1 min read

Volatility is inaccessible

In recent days, the US stock market is down ~10% from its all time high. Bitcoin and Ethereum (and most other cryptos) were down >50% from their November high, and have only slightly recovered from the low.

The majority of people in the world never invest anything because they either

  1. don't have enough money leftover after covering basic necessities
  2. don't prioritize investing even if they could
  3. don't trust that the market will continue to go up over time

The last reason is fueled by media coverage of market crashes. If you're not looking at charts and data, and instead just relying on what you hear from the news, why would you invest?

In the US, company-sponsored pensions used to be the most common way for the average person to provide for their needs in retirement. The main problem with this was a lack of portability. If you stopped working for that company (by choice or otherwise) you were generally not eligible for pension funds.

Now, Social Security is a government-run pension that follows you regardless of where you work. The problem is that there's not enough funding to cover even fairly basic living expenses for most people.

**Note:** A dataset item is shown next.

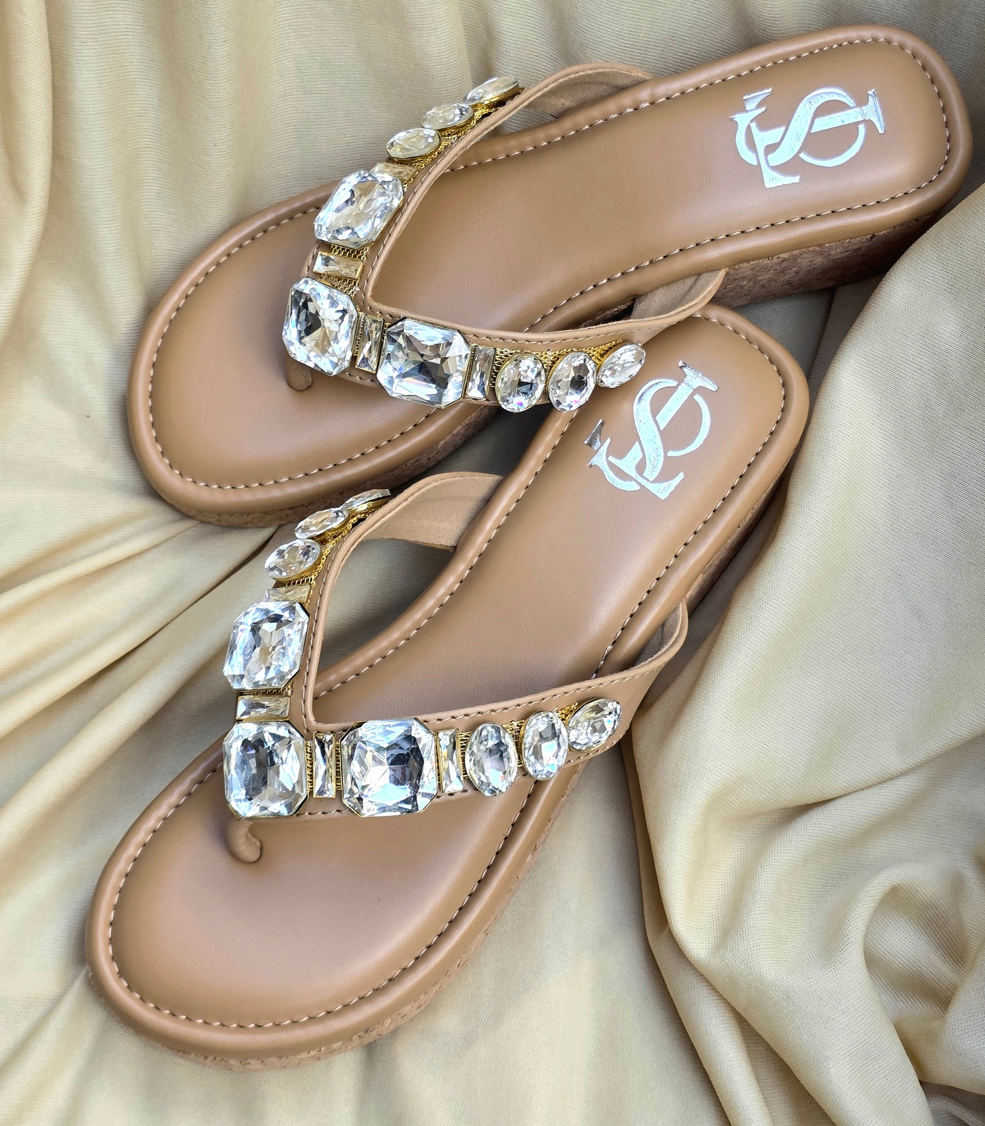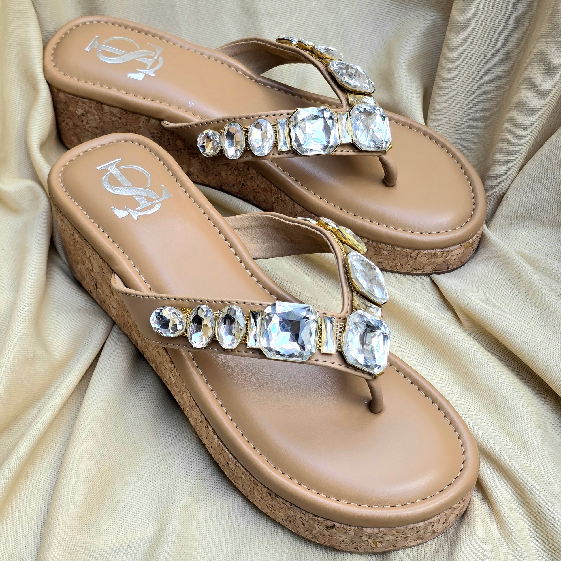 Designed with a soft nude base and dazzling crystal embellishments across the straps, these heels are perfect for weddings, festive nights, or elevating a casual chic look. Comfort meets glamour in every step.

The only real way to provide for yourself in retirement is through your 401(k), IRA, taxable accounts, crypto investments, etc. You have to invest on your own and expose yourself to volatility.

This will always be the most optimized solution and will result in the greatest chance of wealth for the average person. But as I stated, not everyone will do this.

I believe the most viable long-term solution is a decentralized global pension built on blockchain. This would allow for portable, guaranteed income in retirement without volatility and without allowing centralized entities to mismanage the treasury.

More tomorrow,

-Luke

P.S. This is the kind of accessible DeFi that's impossible today because of the fees pensioners would have to pay just to use the blockchain.